- [Assignment] Range to copy from the entries below: the line containing "A strikingly beautiful" through the line containing "Rheb is a 21 kDa", inclusive. Retype only those lines, exactly, without any images.

- [Excerpted data]
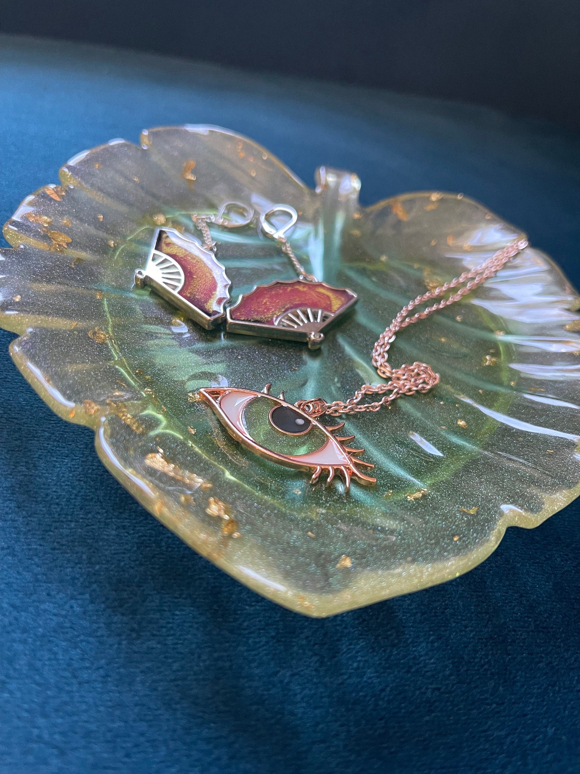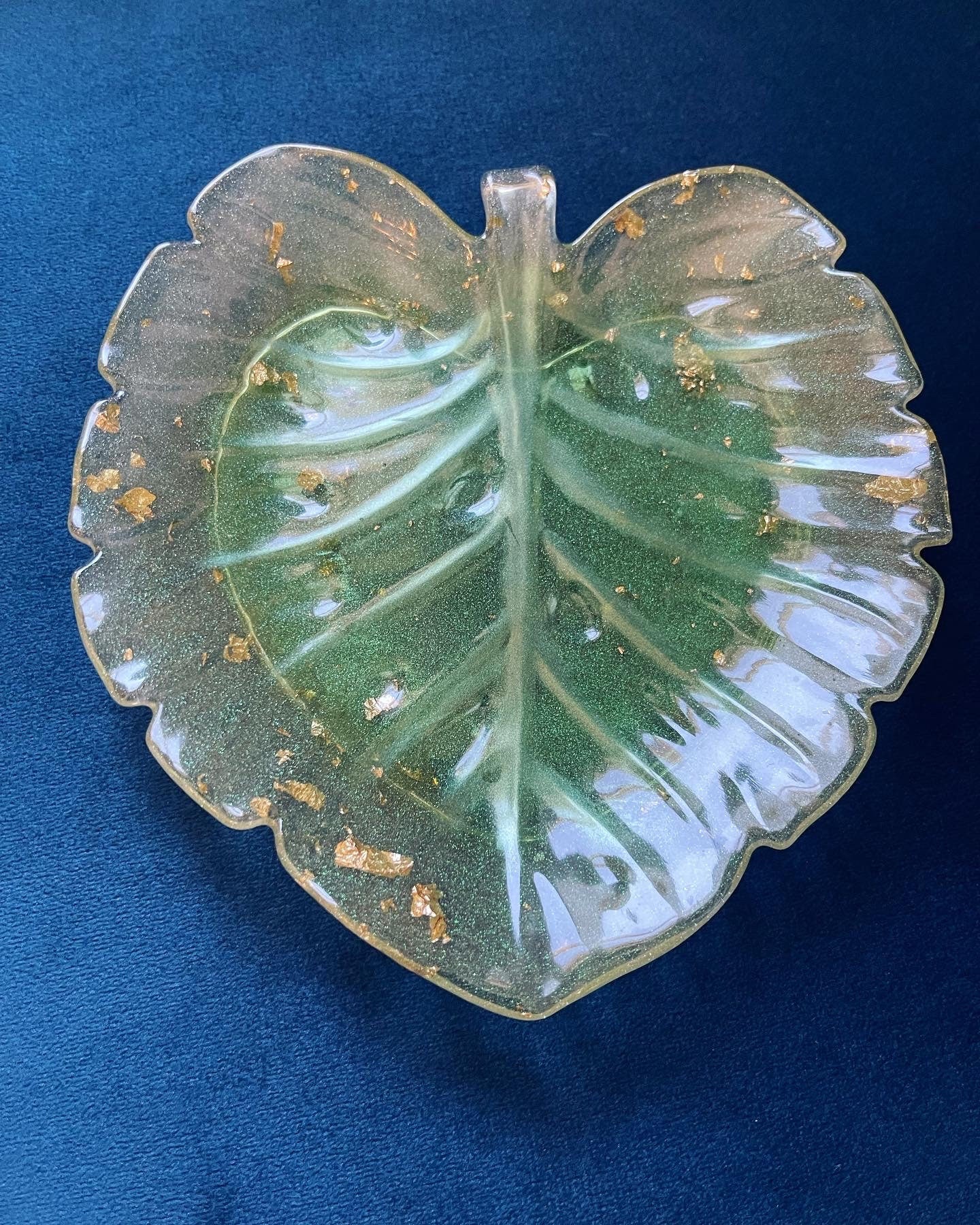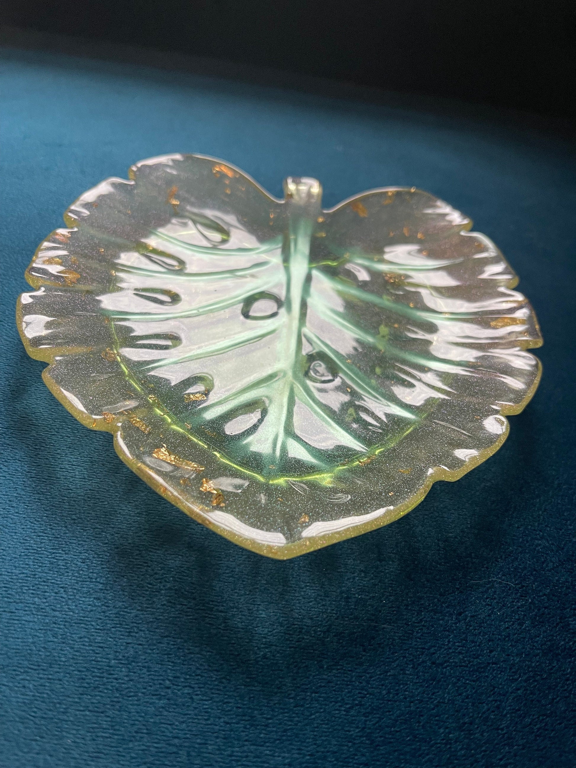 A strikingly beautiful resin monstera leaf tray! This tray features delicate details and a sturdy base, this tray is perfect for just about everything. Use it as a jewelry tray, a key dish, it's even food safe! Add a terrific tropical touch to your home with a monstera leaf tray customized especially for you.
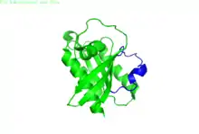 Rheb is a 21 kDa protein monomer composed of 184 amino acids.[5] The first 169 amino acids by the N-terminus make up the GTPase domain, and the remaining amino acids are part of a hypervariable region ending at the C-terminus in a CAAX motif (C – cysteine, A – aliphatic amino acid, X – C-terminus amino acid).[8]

* * *

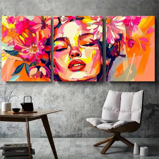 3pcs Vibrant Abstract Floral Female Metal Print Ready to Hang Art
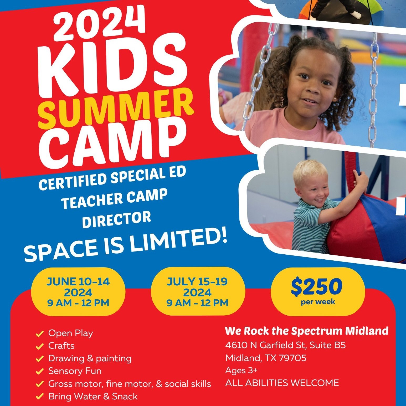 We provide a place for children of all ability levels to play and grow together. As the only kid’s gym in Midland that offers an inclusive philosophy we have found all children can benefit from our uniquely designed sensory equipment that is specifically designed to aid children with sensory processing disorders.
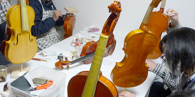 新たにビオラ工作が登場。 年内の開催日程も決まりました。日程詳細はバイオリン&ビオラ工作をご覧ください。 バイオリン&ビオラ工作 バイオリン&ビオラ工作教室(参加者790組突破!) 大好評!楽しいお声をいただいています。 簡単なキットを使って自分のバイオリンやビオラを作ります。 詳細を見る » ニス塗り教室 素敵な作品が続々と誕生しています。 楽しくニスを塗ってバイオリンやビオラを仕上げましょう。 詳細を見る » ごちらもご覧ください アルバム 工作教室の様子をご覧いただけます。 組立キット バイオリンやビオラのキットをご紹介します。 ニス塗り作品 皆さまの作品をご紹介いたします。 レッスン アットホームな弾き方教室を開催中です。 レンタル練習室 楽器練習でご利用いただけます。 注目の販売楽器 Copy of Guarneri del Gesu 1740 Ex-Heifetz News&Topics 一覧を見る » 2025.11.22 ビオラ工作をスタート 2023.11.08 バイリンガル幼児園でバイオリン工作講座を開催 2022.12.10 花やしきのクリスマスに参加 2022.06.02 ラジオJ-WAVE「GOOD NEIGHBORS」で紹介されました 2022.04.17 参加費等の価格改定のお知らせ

--

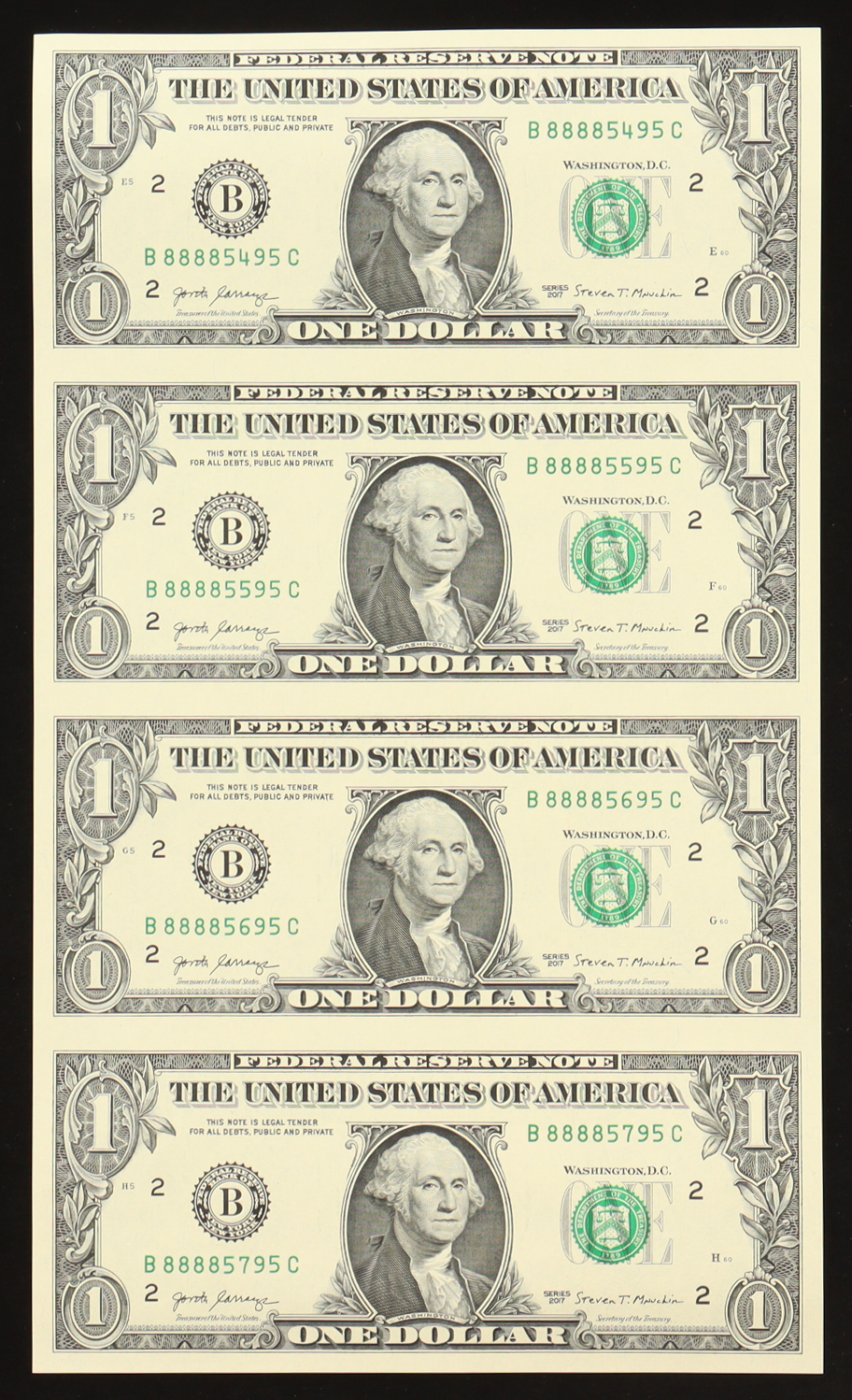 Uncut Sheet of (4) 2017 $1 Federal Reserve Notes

- [Answer]
 A strikingly beautiful resin monstera leaf tray! This tray features delicate details and a sturdy base, this tray is perfect for just about everything. Use it as a jewelry tray, a key dish, it's even food safe! Add a terrific tropical touch to your home with a monstera leaf tray customized especially for you.
 Rheb is a 21 kDa protein monomer composed of 184 amino acids.[5] The first 169 amino acids by the N-terminus make up the GTPase domain, and the remaining amino acids are part of a hypervariable region ending at the C-terminus in a CAAX motif (C – cysteine, A – aliphatic amino acid, X – C-terminus amino acid).[8]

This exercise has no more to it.